About this borderline personality disorder and news from emotion research
Author: Stefan Zorn
Contact: Stefan Zorn – MH
Image: The image is attributed to Karin Kaiser / MHH
Original research: Open access.
“Neural effects of botulinum toxin glabellar injections using the valence inhibition task in borderline personality disorder” by Tillmann HC Kruger et al. Scientific reports
Neural effects of botulinum toxin glabellar injections using the valuable inhibition task in borderline personality disorder
Previous studies have found that botulinum toxin (BTX) glabellar injection can lead to lasting depression relief. This can be achieved by disrupting facial feedback, which potentially alleviates the experience of negative emotions.
Consequently, BTX glaze injection may diminish the activity of the amygdala in response to emotional stimuli. Borderline Personality Disorder (BPD) is the prototypical state of excess negative emotionality and impulsivity, accompanied by increased responsiveness of the amygdala to emotional stimuli.
To better understand how BTX trackpad can affect the processing of emotional stimuli and impulsivity, we conducted a functional magnetic resonance imaging (fMRI) study.
Our hypotheses were as follows: (1) glabellar BTX leads to increased activation in the prefrontal areas during inhibition, and (2) BTX generally reduces amygdala activity while processing emotional stimuli. Using the emotional go- / no-go paradigm during fMRI, the interference of processing emotions and impulsivity was assessed in a sample of n = 45 women with BPD.
Subjects were randomly assigned to either BTX or serial acupuncture (ACU) head treatment. After 4 weeks, both treatments led to a reduction in BPD symptoms.

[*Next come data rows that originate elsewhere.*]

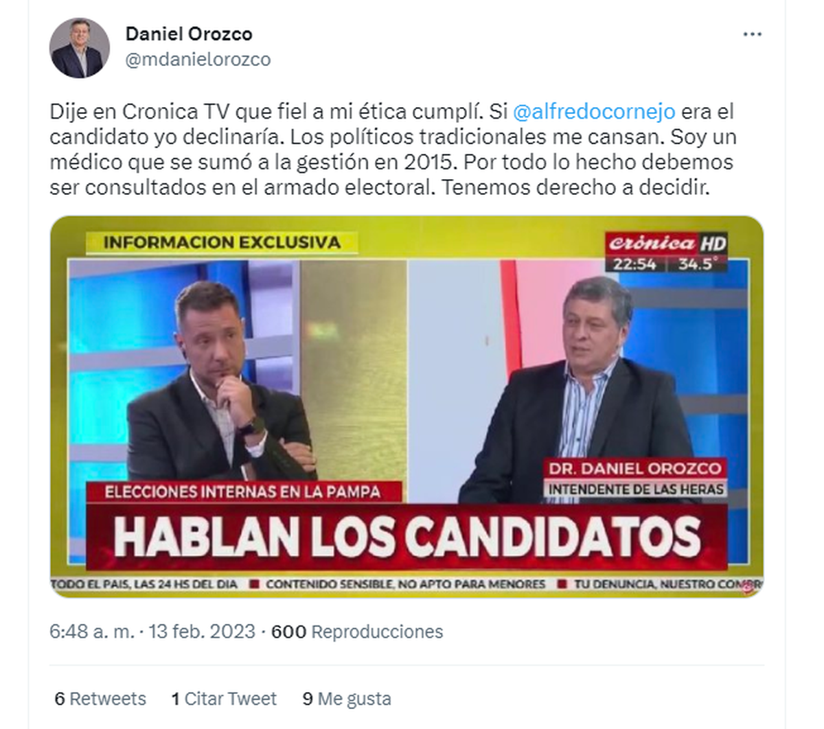 "Dije en Crónica TV que fiel a mi ética cumplí. Si @alfredocornejo era el candidato yo declinaría" comenzó marcando en su publicación y añadió: "Soy un médico que se sumó a la gestión en el 2015. Por todo lo hecho debemos ser consultados en el armado electoral. Tenemos derecho a decidir".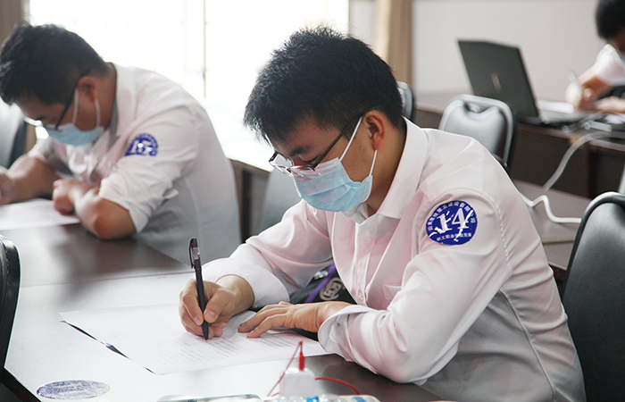 選手們在40分鐘的筆試過(guò)后休息片刻,馬上進(jìn)入實(shí)操環(huán)節,現場(chǎng)時(shí)不時(shí)傳出操作鍵盤(pán)和鼠標的機械碰撞聲,大家時(shí)而聚精會(huì )神盯著(zhù)操作軟件思考,時(shí)而雙手緊密配合在操作界面上來(lái)回切換。6.5小時(shí)的實(shí)操時(shí)間,對于熟練的選手來(lái)說(shuō)綽綽有余,對新手來(lái)說(shuō)是爭分奪秒。一周之前,公司邀請廣聯(lián)達科技股份有限公司老師通過(guò)“釘釘”軟件線(xiàn)上教學(xué),詳細講解軟件基本功能、使用方法,為此次參賽選手打好基礎。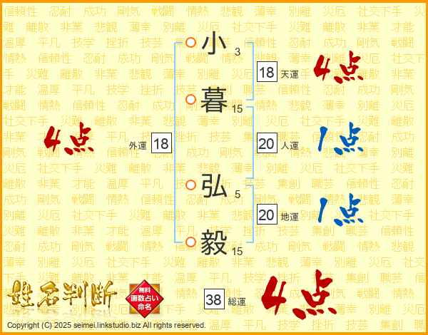 小(3画)暮(15画) 弘(5画)毅(15画)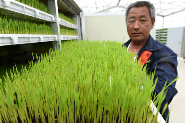 在黑龍江撫遠快速育秧車間,員工展示快速培育秧苗。新華社

However, treatment with BTX was particularly associated with improved inhibitory efficacy and increased activity in the motor cortex. In addition, the processing of negative emotional faces was accompanied by a decrease in the activity of the right amygdala.
This study provides the first evidence that BTX glaucoma injections can modify the central neurobiological and behavioral aspects of BPD. As the control treatment produced similar clinical effects, these neurobiological symptoms may be specific to BTX and not generally correlate with symptom improvement.